Pregnancy and Lactation

This product should not be used during pregnancy and lactation. If needed, tell your doctor before using.

EFFECTS ON ABILITY TO DRIVE AND USE MACHINES

Because this product can cause drowsiness and reduce the ability to coordinate movements, patients should not drive or operate machinery.

Undesirable Effects.

Paracetamol

The following adverse reactions may occur, although rarely: 

+ Rash and the other allergic reactions.

+ Neutropenia, thrombocytopenia and pancytopenia, hepatitis.

Methionine

Nausea, vomiting, drowsiness, irritability.

Overdose and treatment

Symptoms

Paracetamol

Symptoms of paracetamol overdosage in the first 24 hours are pallor, nausea, vomiting, anorexia and abdominal pain.

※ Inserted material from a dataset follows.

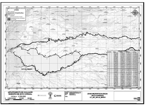 PRIMERO. Microfocalizar la zona sur oriental del municipio de Hato Corozal, en el departamento del Casanare, señalado en el Plano Predial número UT_ MT_85125_MF001, elaborado por esta Dirección Territorial, y que cuenta con las coordenadas geográficas en grados, minutos y segundos (MAGNA-SIRGAS(2)) puntos extremos del área seleccionada, relacionados en la parte motiva del acto administrativo.

Liver damage may become apparent 12 to 48 hours after ingestion. Abnormalities of glucose metabolism and metabolic acidosis may occur. In severe poisoning, hepatic failure may progress to encephalopathy, haemorrhage, hypoglycaemia, cerebral oedema and death. Acute renal failure with acute tubular necrosis, strongly suggested by loin pain, haematuria and proteinuria, may develop even in the absence of severe liver damage. Cardiac arrhythmias and pancreatitis have been reported. Simultaneously, increased levels of hepatic transaminase (AST, ALT), lactate dehydrogenase and bilirubin are observed together with increased prothrombin levels that may appear 12 to 48 hours after administration.

Methionine

Methionine overdose may have symptoms as undesirable effects (nausea, vomiting, drowsiness, irritability). 

Treatment

Paracetamol

Immediate treatment is essential in the management of paracetamol overdose. Despite a lack of significant early symptoms, patients should be referred to hospital urgently for immediate medical attention. Symptoms may be limited to nausea or vomiting and may not reflect the severity of overdose or risk of organ damage. Management should be in accordance with established treatment guidelines.

Treatment with activated charcoal should be considered if the overdose have been taken within 1 hour. Plasma paracetamol concentration should be measured at 4 hours or later after ingestion (earlier concentrations are unreliable). Treatment with  N-acetylcysteine may be used up to 24 hours after ingestion of paracetamol, however, the maximum protective effect is obtained up to 8 hours post-ingestion. The effectiveness of the antidote declines sharply after this time. If required the patient should be given intravenous N-acetylcysteine, in line with the established dosage schedule. If vomiting is not a problem, oral methionine may be a suitable alternative for remote areas, outside hospital.

Management of patients who present with serious hepatic dysfunction beyond 24 hours from ingestion should be discussed with the NPIS or a liver unit.

Methionine

Specific treatment is not available for the overdose because methionine must be obtained through foods. If overdose occurs, the patient should be treated supportive.

STORAGE CONDITION

In a dry place, below 30°C, protect from light.

SHELF-LIFE

36 months from the manufacturing date. Do not use after the expiry date.